**Assigned task**
Please, without any pictures, set down exactly the part of the listing below that opens with the line containing "Sacs de faveur" and closes with the line containing "O uobičajenim problemima".

**Records for this task**
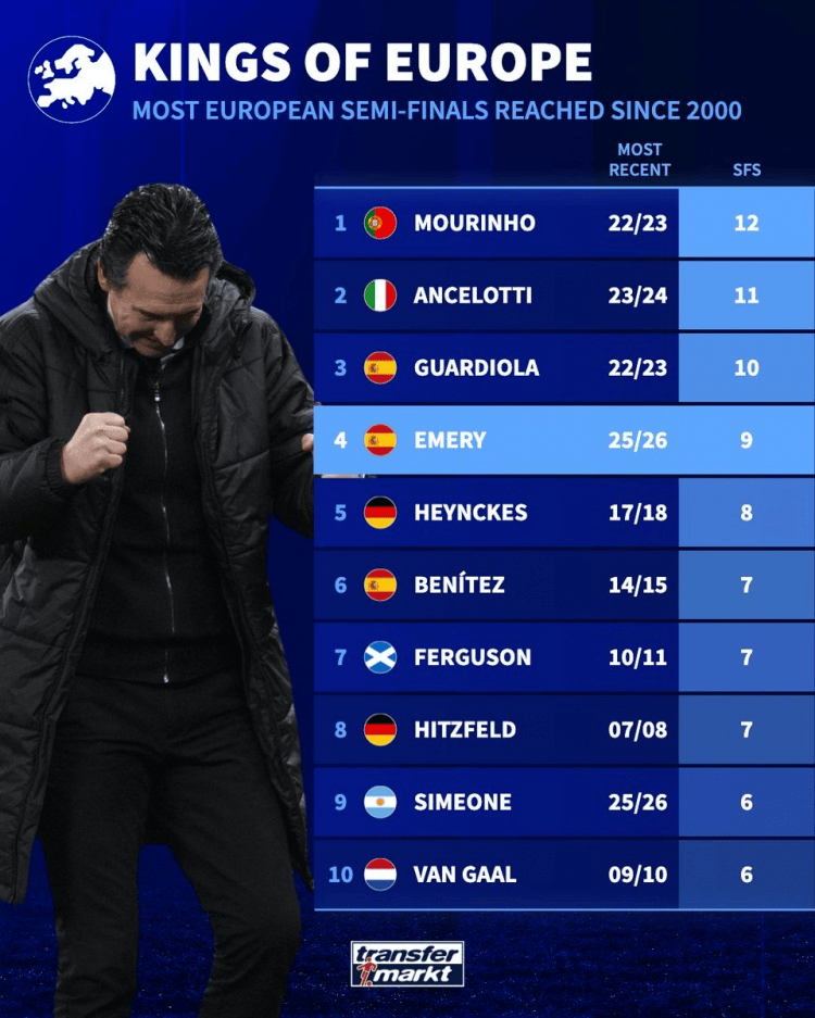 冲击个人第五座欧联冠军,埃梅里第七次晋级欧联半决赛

---

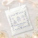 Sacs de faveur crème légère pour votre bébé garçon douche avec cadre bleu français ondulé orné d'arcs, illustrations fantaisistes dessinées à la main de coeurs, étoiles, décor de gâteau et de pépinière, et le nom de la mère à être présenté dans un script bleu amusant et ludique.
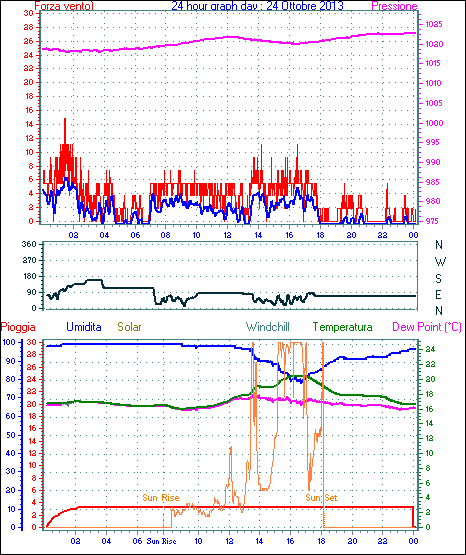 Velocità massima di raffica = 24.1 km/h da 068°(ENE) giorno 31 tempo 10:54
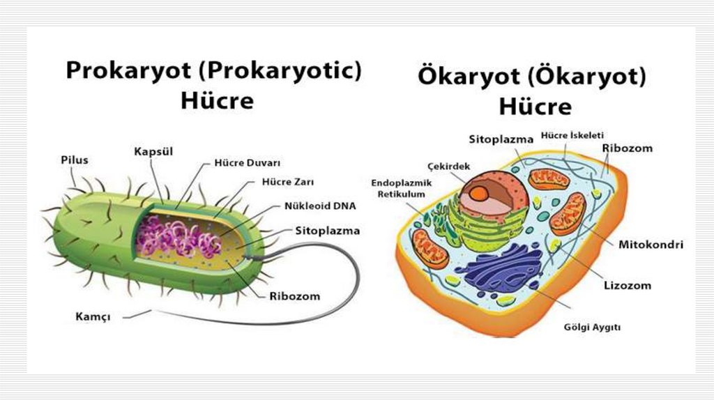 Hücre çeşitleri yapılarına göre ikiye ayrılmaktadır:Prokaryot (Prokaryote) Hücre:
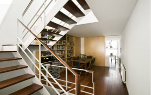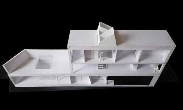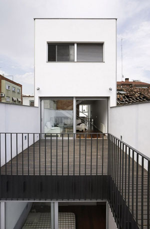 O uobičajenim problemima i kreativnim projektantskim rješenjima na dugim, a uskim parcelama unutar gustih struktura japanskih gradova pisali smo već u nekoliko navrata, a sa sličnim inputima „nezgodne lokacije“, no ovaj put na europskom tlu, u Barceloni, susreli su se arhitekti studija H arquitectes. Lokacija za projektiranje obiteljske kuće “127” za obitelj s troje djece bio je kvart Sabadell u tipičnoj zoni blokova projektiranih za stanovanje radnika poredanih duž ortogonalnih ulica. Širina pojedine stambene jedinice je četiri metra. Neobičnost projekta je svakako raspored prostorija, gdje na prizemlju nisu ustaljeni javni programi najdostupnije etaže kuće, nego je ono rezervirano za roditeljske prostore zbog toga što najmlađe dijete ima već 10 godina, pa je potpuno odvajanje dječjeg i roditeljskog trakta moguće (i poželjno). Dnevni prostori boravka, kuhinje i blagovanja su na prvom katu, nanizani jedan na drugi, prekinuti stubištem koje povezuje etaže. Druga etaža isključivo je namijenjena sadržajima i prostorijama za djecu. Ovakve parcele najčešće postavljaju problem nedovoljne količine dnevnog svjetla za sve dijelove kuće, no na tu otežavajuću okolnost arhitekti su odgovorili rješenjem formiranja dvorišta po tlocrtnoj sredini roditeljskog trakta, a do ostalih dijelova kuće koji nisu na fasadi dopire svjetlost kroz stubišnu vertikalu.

**Output of the exercise**
 Sacs de faveur crème légère pour votre bébé garçon douche avec cadre bleu français ondulé orné d'arcs, illustrations fantaisistes dessinées à la main de coeurs, étoiles, décor de gâteau et de pépinière, et le nom de la mère à être présenté dans un script bleu amusant et ludique.
 Velocità massima di raffica = 24.1 km/h da 068°(ENE) giorno 31 tempo 10:54
 Hücre çeşitleri yapılarına göre ikiye ayrılmaktadır:Prokaryot (Prokaryote) Hücre:
 O uobičajenim problemima i kreativnim projektantskim rješenjima na dugim, a uskim parcelama unutar gustih struktura japanskih gradova pisali smo već u nekoliko navrata, a sa sličnim inputima „nezgodne lokacije“, no ovaj put na europskom tlu, u Barceloni, susreli su se arhitekti studija H arquitectes. Lokacija za projektiranje obiteljske kuće “127” za obitelj s troje djece bio je kvart Sabadell u tipičnoj zoni blokova projektiranih za stanovanje radnika poredanih duž ortogonalnih ulica. Širina pojedine stambene jedinice je četiri metra. Neobičnost projekta je svakako raspored prostorija, gdje na prizemlju nisu ustaljeni javni programi najdostupnije etaže kuće, nego je ono rezervirano za roditeljske prostore zbog toga što najmlađe dijete ima već 10 godina, pa je potpuno odvajanje dječjeg i roditeljskog trakta moguće (i poželjno). Dnevni prostori boravka, kuhinje i blagovanja su na prvom katu, nanizani jedan na drugi, prekinuti stubištem koje povezuje etaže. Druga etaža isključivo je namijenjena sadržajima i prostorijama za djecu. Ovakve parcele najčešće postavljaju problem nedovoljne količine dnevnog svjetla za sve dijelove kuće, no na tu otežavajuću okolnost arhitekti su odgovorili rješenjem formiranja dvorišta po tlocrtnoj sredini roditeljskog trakta, a do ostalih dijelova kuće koji nisu na fasadi dopire svjetlost kroz stubišnu vertikalu.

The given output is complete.